Records to process:
◆ ◆ ◆ ◆

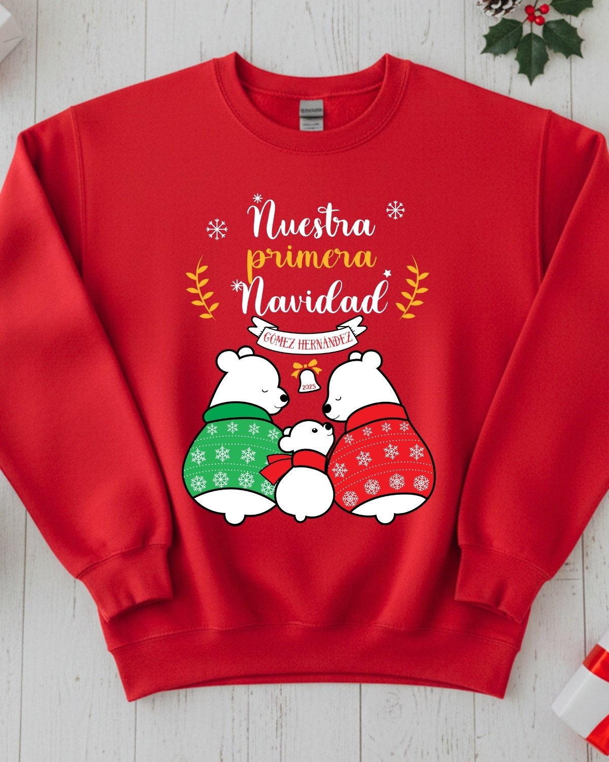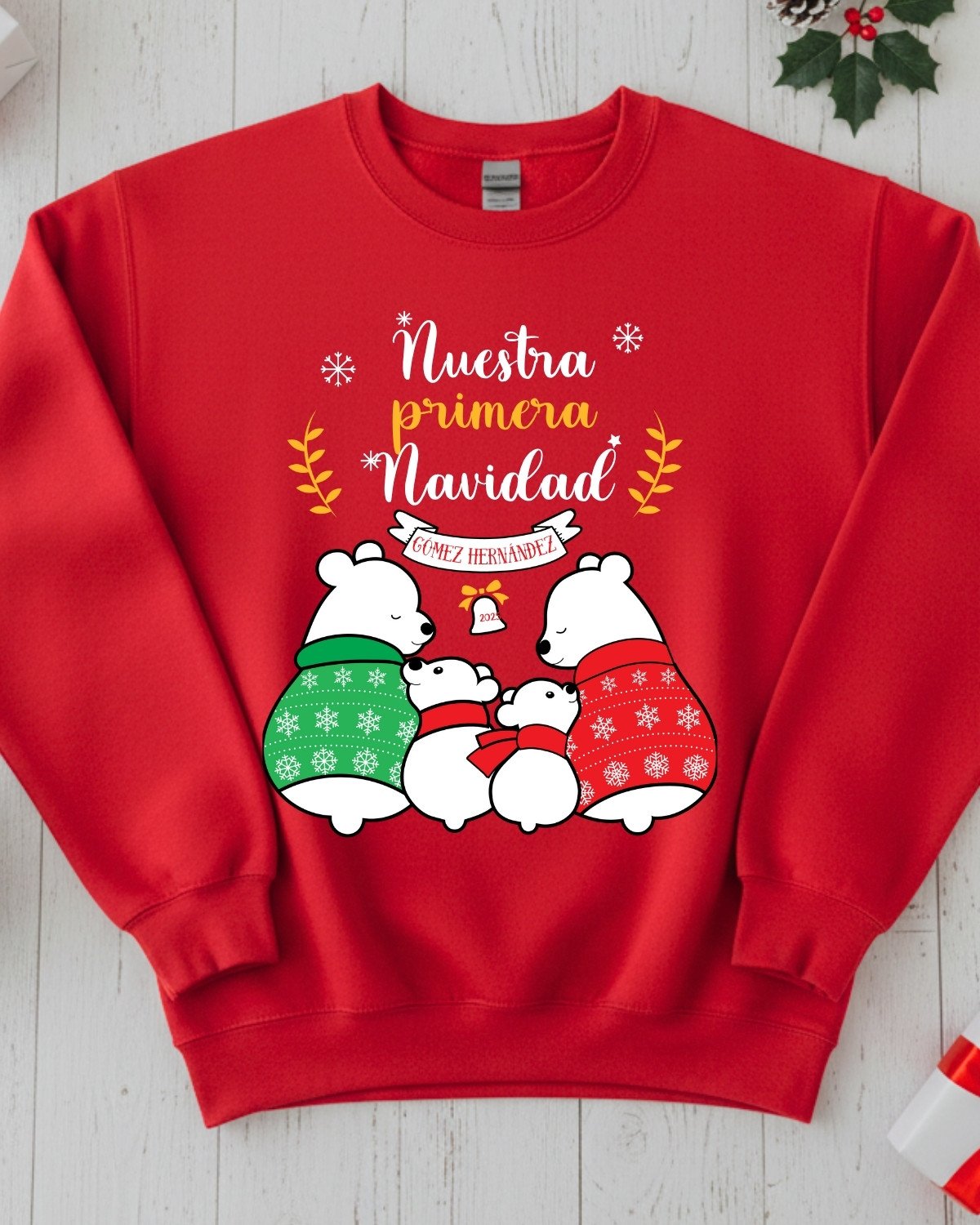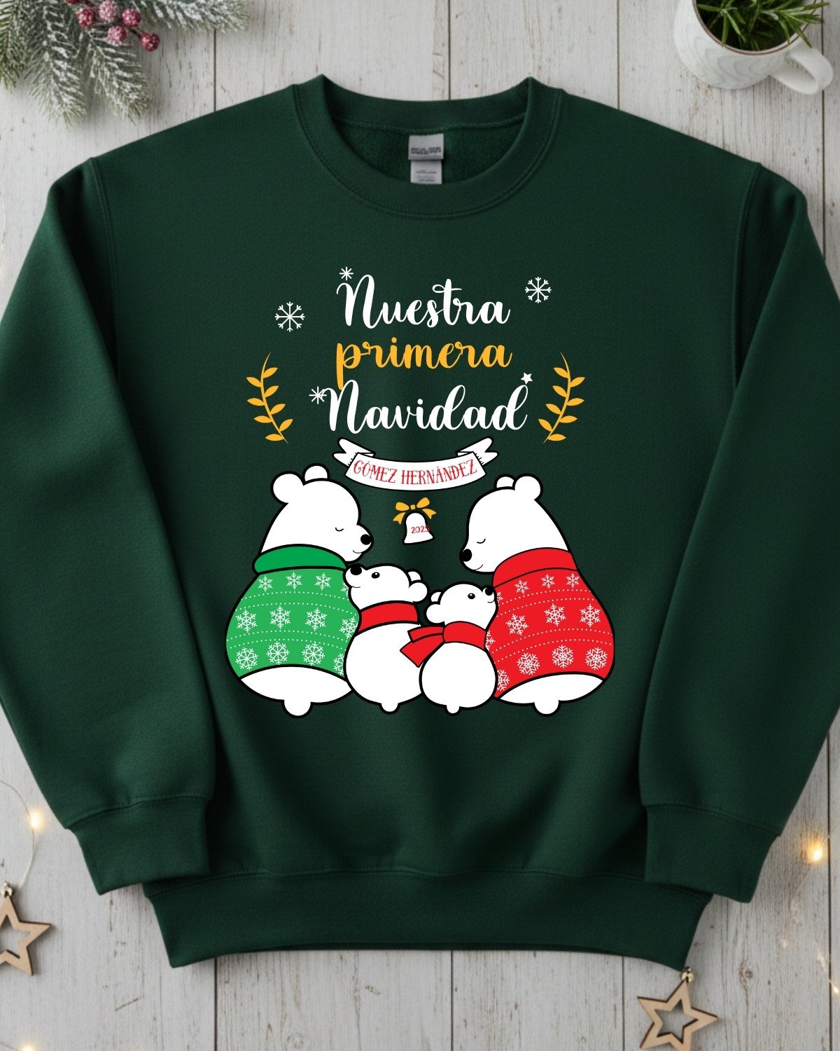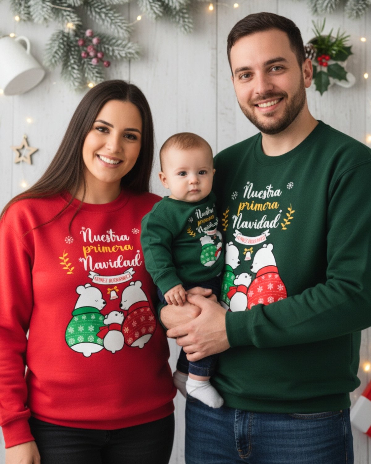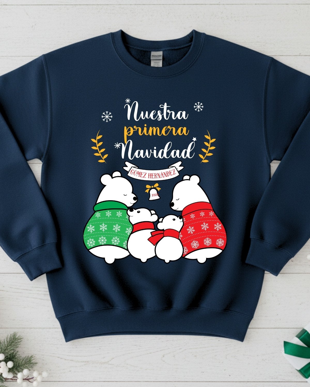 Jersey de Navidad personalizado con Familia de Ositos Polares. Jerséis afelpados, muy suaves, cómodos y calentitos.
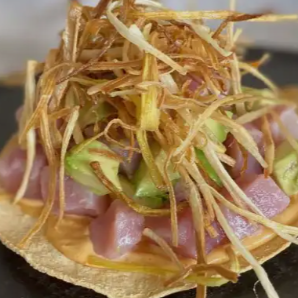 Tostada con una mezcla perfecta de mango, cebolla, salsa negra y guacamole; elige tu proteína de atún fresco.
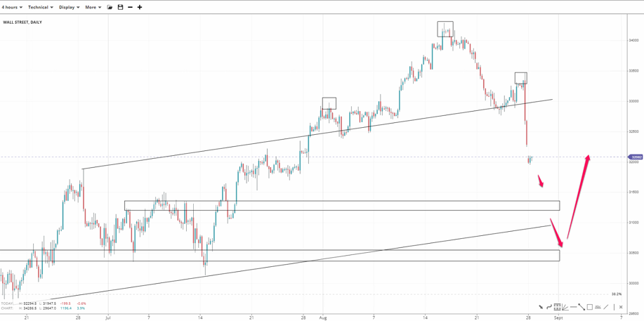 Wall Street slid back into its base channel after forming a head-and-shoulders pattern. Lossing 32,000 might open the door to 31,000 if 31,400 fails to hold. The bottom of the channel is expected to offer support. Inversely, 32,000 firmness could send prices towards 33,000.
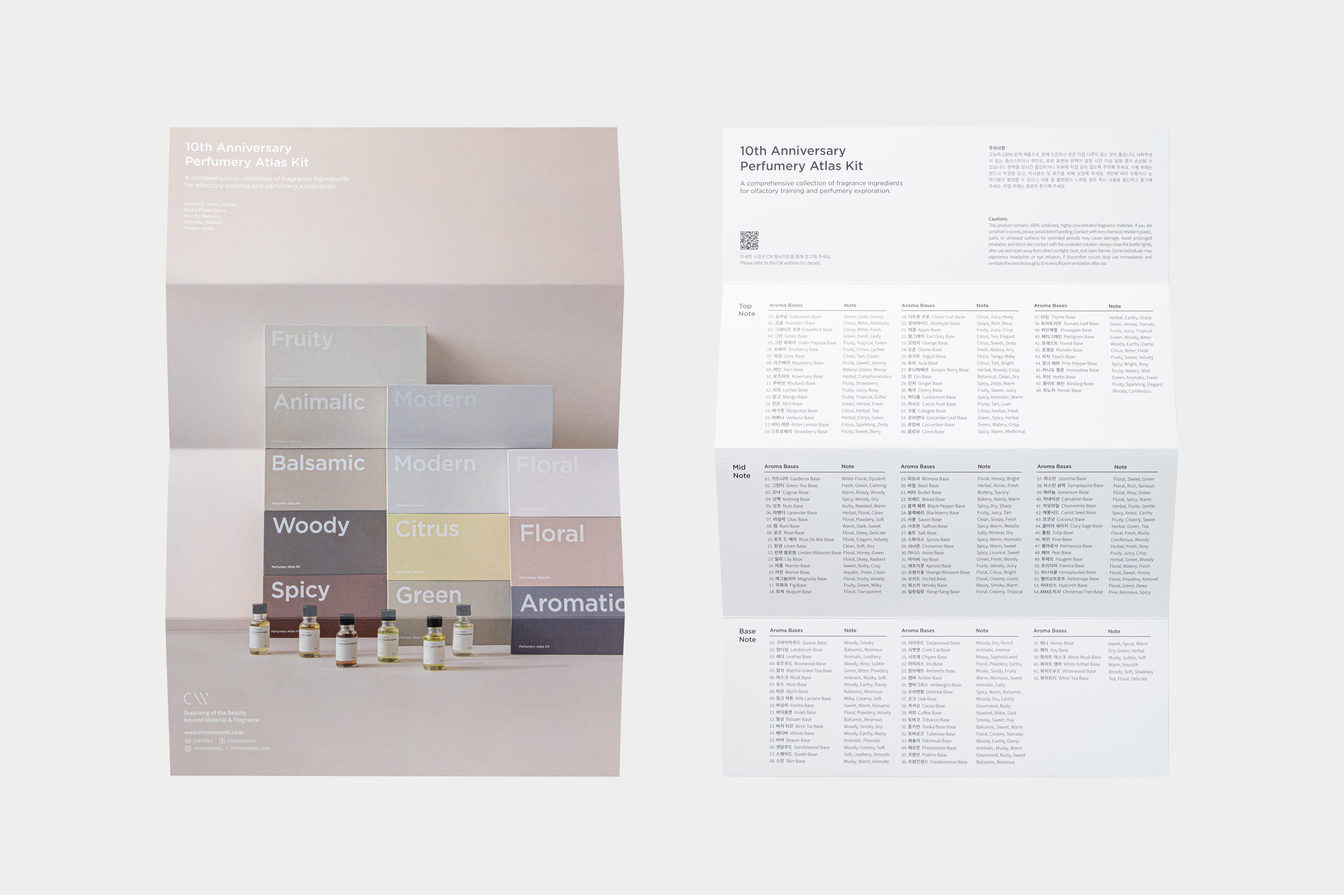 這是擴展2025年下半年調香可能性的專業調香套裝(100ml x 144種) ,針對每個香味類型進行了最佳化和重構。由芳香、青香、柑橘、果香、花香(2種)、辛辣/茴香、木質、香脂、動物香、現代(2種)香調組成。每套裝包含12種調香成分,總共可以體驗144種香味。
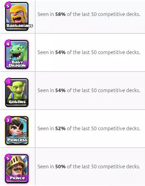 今天给大家带来皇室战争中近期使用率最高的卡牌数据,野蛮人 58%的使用率成为第一,幼龙和哥布林以54%的使用率并列第二,公主以52%的使用率成为第三。

◆ ◆ ◆ ◆

Exercise requirements: With the pictures left out, return all the material above exactly.

Expected answer:
 Jersey de Navidad personalizado con Familia de Ositos Polares. Jerséis afelpados, muy suaves, cómodos y calentitos.
 Tostada con una mezcla perfecta de mango, cebolla, salsa negra y guacamole; elige tu proteína de atún fresco.
 Wall Street slid back into its base channel after forming a head-and-shoulders pattern. Lossing 32,000 might open the door to 31,000 if 31,400 fails to hold. The bottom of the channel is expected to offer support. Inversely, 32,000 firmness could send prices towards 33,000.
 這是擴展2025年下半年調香可能性的專業調香套裝(100ml x 144種) ,針對每個香味類型進行了最佳化和重構。由芳香、青香、柑橘、果香、花香(2種)、辛辣/茴香、木質、香脂、動物香、現代(2種)香調組成。每套裝包含12種調香成分,總共可以體驗144種香味。
 今天给大家带来皇室战争中近期使用率最高的卡牌数据,野蛮人 58%的使用率成为第一,幼龙和哥布林以54%的使用率并列第二,公主以52%的使用率成为第三。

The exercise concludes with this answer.